Some hospitals are recognized for that. They are called magnet hospitals. The American Nurses’ Credentialing Center awards that label to hospitals that satisfy criteria designed to measure the strength and quality of their nursing, according to the center’s website.

In Little Rock, Arkansas Children’s and St. Vincent’s hospitals have magnet status, and Dallas has more.

While the magnet status doesn’t automatically carry to Arkansas Children’s Northwest, the level of care extends up from Little Rock, said Laura Spies, human resource manager. The hospital has a robust orientation program and sent new nurses to Little Rock for training, she said.

“They were so dedicated to do that and travel each week,” Spies said. “We didn’t lose any in the process, and they are all excited and can’t wait to take care of children in NWA. The nursing field has so many opportunities.”

Spies said the nursing shortage is a nationwide issue and mainly affects bedside nurses who provide direct patient care.

“It’s tough work. It’s 12-hour shifts on your feet, and it can be grueling,” she said. “If they do tire of being by the bedside, for example, they can become educators or go into a management position.
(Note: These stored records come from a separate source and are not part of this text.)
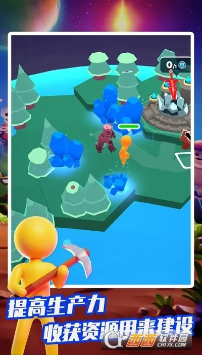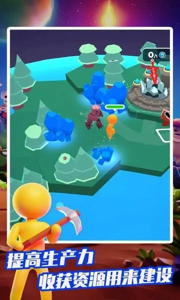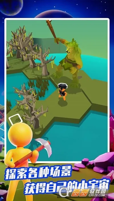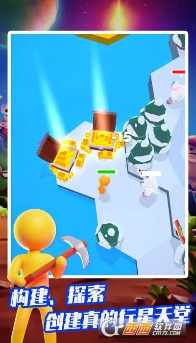 2、轻松有趣的建造玩法,玩家能自由砍树收集材料,在星球上建造新家园,解锁新区域,开拓领地,充满趣味性。
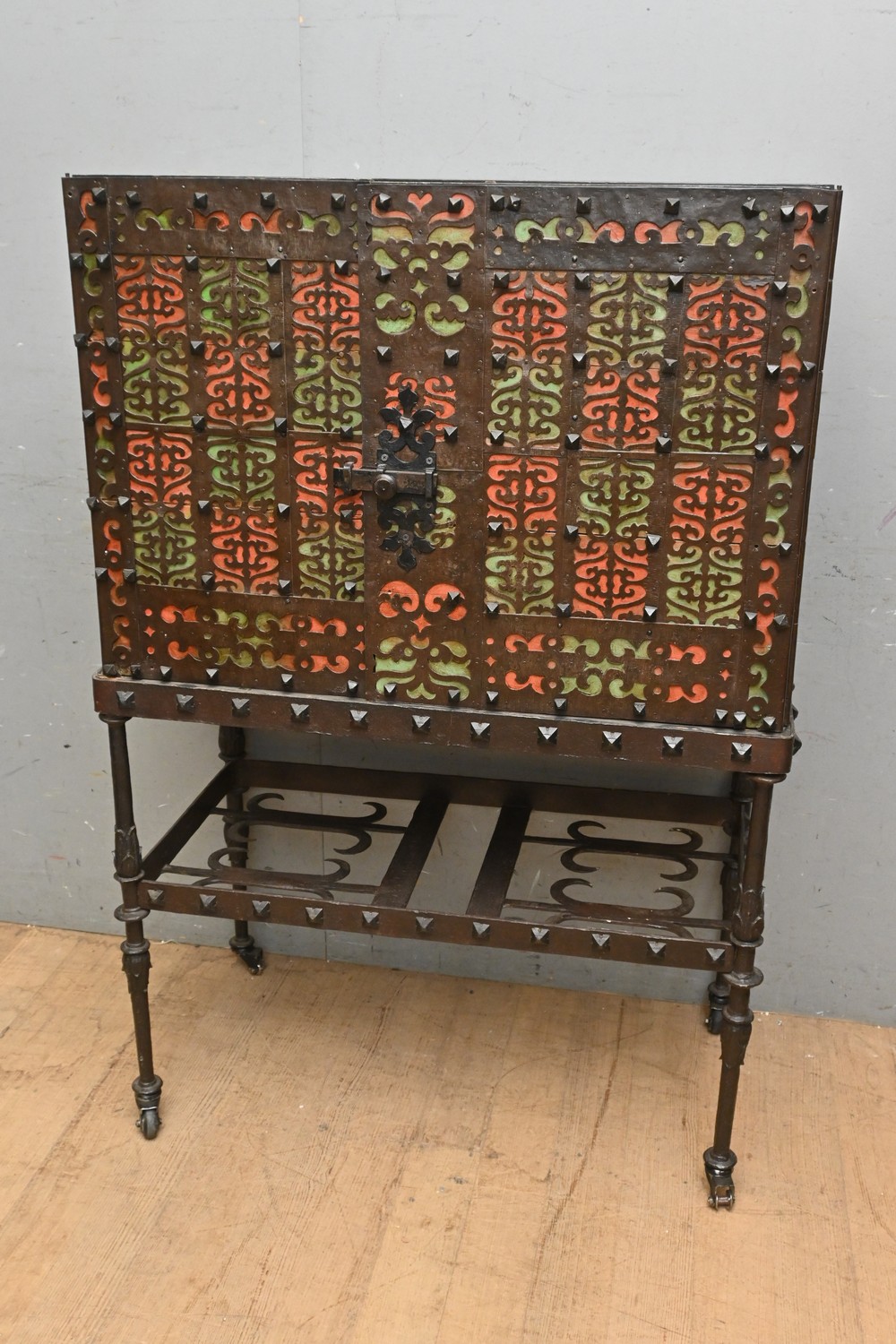 A SPANISHED BLACKSMITHED 'VARGUENO' CABINET IN FORGED WROUGHT IRON ( 139H X 95W X 51D CM) (PLEASE NOTE THIS HEAVY ITEM MUST BE REMOVED BY CLIENTS OR CARRIERS AT THE CUSTOMERS EXPENSE. LEONARD JOEL STAFF CANNOT ASSIST CARRYING THIS ITEM)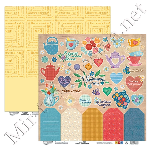Бумага для скрапбукинга "Цветочный чай" 7, 190 г/кв.м 30.5x30.5 см, Mr. Painter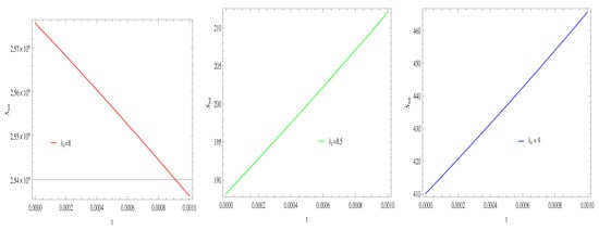 Figure 20. Plot of versus t for model 1. - For Model 2:In Figure 21, by taking the same values of and for all cases of all trajectories remain in the positive phase at present as well as later epoch which demonstrate that the GSLT is valid. In Figure 22, the trajectory remain constant in positive phase which cannot preserved the thermal condition and for other two cases trajectories remain constant in negative phase which confirms the thermal condition.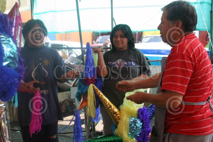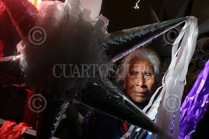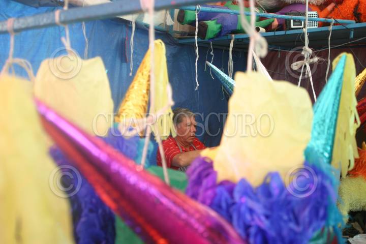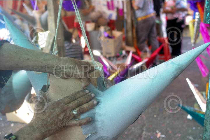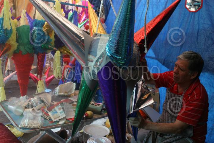 MÉXICO D.F., 22DICIEMBRE2008.- Comerciantes elaboran piñatas a base de ollas de barro, engrudo y papeles de colores, para estas fiestas navideñas el simbolismo que existe detrás de las piñatas también es variado hay quien sostiene que cada uno de los picos representa uno de los siete pecados capitales los cuales deben ser vencidos por medio de la fé y al quebrar la piñata se obtienen dulces y frutas como símbolo de la recompensa divina. El contenido de una piñata suele ser frutas de temporada como cacahuates, jícamas, naranjas, limas, tejocotes, cañas y dulces. FOTO: SÁSHENKA GUTIÉRREZ/CUARTOSCURO.COM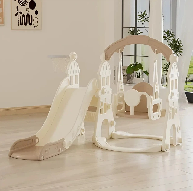 Дитячий ігровий комплекс 3в1 Terrio Castle Бежевий, гойдалка для малюків, дитяча гойдалка, дитяча гірка, гірка для малюків,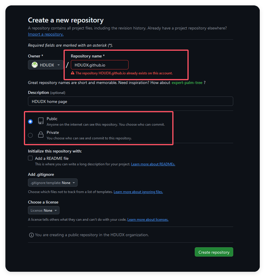 需要注意的是你的仓库名设置为<组织名>.github.io,这与你的page类似。然后设置为公开的。

There are varied levels of training here to increase their skills as well as pay and keep them challenged and engaged.”

Patton said a residency program is another important thing.

“Instead of just throwing you out there, they are going to give you another six months or even a year of orientation and working side by side with a good mentor,” Patton said.

The UA school of nursing worked with hospitals locally to start residency programs. Patton attended Washington Regional’s graduation of its fourth cohort in its residency program Feb. 7, and she said that’s helping to recruit new nurses to the hospital.

Martens said many in her field are excited to have Arkansas Children’s Northwest because of its status and because they hope the hospital will pay higher salaries.

Patton said, “Immediately when Children’s said they were coming here, everyone applied. A rising tide lifts all boats.”